"""This lobes replicate the encoder first introduced in ESPNET v1

source: https://github.com/espnet/espnet/blob/master/espnet/nets/pytorch_backend/rnn/encoders.py

Authors
 * Titouan Parcollet 2020
"""

import torch

import speechbrain as sb


class ESPnetVGG(sb.nnet.containers.Sequential):
    """This model is a combination of CNNs and RNNs following
        the ESPnet encoder. (VGG+RNN+MLP+tanh())

    Arguments
    ---------
    input_shape : tuple
        The shape of an example expected input.
    activation : torch class
        A class used for constructing the activation layers. For CNN and DNN.
    dropout : float
        Neuron dropout rate, applied to RNN only.
    cnn_channels : list of ints
        A list of the number of output channels for each CNN block.
    rnn_class : torch class
        The type of RNN to use (LiGRU, LSTM, GRU, RNN)
    rnn_layers : int
        The number of recurrent layers to include.
    rnn_neurons : int
        Number of neurons in each layer of the RNN.
    rnn_bidirectional : bool
        Whether this model will process just forward or both directions.
    rnn_re_init : bool
    projection_neurons : int
        The number of neurons in the last linear layer.

    Example
    -------
    >>> inputs = torch.rand([10, 40, 60])
    >>> model = ESPnetVGG(input_shape=inputs.shape)
    >>> outputs = model(inputs)
    >>> outputs.shape
    torch.Size([10, 10, 512])
    """

    def __init__(
        self,
        input_shape,
        activation=torch.nn.ReLU,
        dropout=0.15,
        cnn_channels=[64, 128],
        rnn_class=sb.nnet.RNN.LSTM,
        rnn_layers=4,
        rnn_neurons=512,
        rnn_bidirectional=True,
        rnn_re_init=False,
        projection_neurons=512,
    ):
        super().__init__(input_shape=input_shape)

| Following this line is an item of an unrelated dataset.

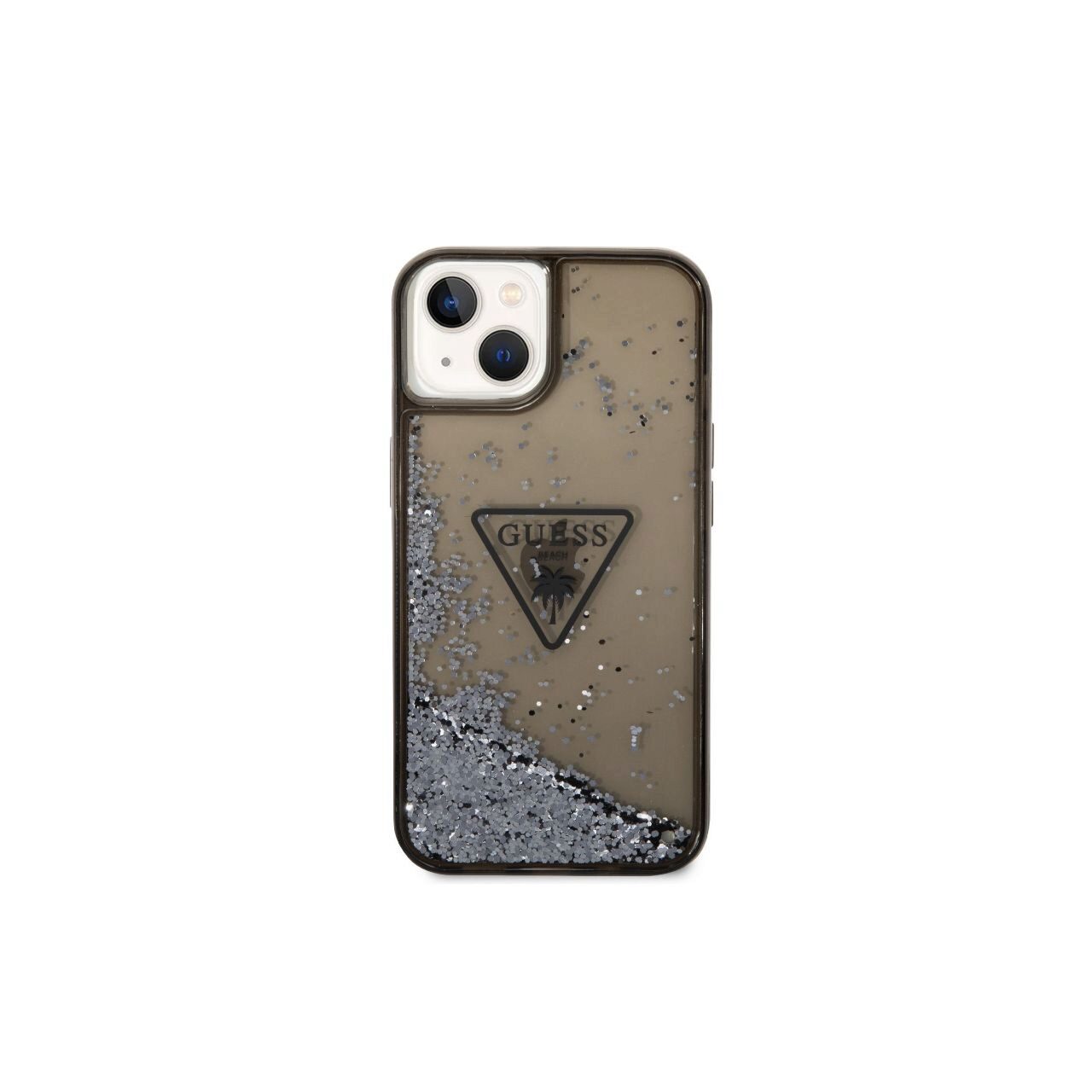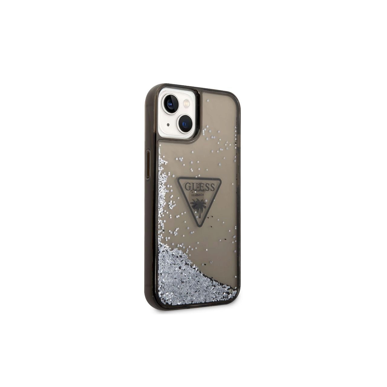Guess Husa Liquid Glitter Translucent Triangle Logo iPhone 14 Plus Black

        self.append(sb.nnet.containers.Sequential, layer_name="VGG")

        self.append(
            sb.nnet.CNN.Conv2d,
            out_channels=cnn_channels[0],
            kernel_size=(3, 3),
            layer_name="conv_1_1",
        )
        self.append(activation(), layer_name="act_1_1")
        self.append(
            sb.nnet.CNN.Conv2d,
            out_channels=cnn_channels[0],
            kernel_size=(3, 3),
            layer_name="conv_1_2",
        )
        self.append(activation(), layer_name="act_1_2")
        self.append(
            sb.nnet.pooling.Pooling2d(
                pool_type="max",
                kernel_size=(2, 2),
                pool_axis=(1, 2),
            ),
            layer_name="pooling_1",
        )

        self.append(
            sb.nnet.CNN.Conv2d,
            out_channels=cnn_channels[1],
            kernel_size=(3, 3),
            layer_name="conv_2_1",
        )
        self.append(activation(), layer_name="act_2_1")
        self.append(
            sb.nnet.CNN.Conv2d,
            out_channels=cnn_channels[1],
            kernel_size=(3, 3),
            layer_name="conv_2_2",
        )
        self.append(activation(), layer_name="act_2_2")
        self.append(
            sb.nnet.pooling.Pooling2d(
                pool_type="max",
                kernel_size=(2, 2),
                pool_axis=(1, 2),
            ),
            layer_name="pooling_2",
        )

        if rnn_layers > 0:
            self.append(
                rnn_class,
                layer_name="RNN",
                hidden_size=rnn_neurons,
                num_layers=rnn_layers,
                dropout=dropout,
                bidirectional=rnn_bidirectional,
                re_init=rnn_re_init,
            )

        self.append(
            sb.nnet.linear.Linear,
            n_neurons=projection_neurons,
            layer_name="proj",
        )
        self.append(torch.nn.Tanh(), layer_name="proj_act")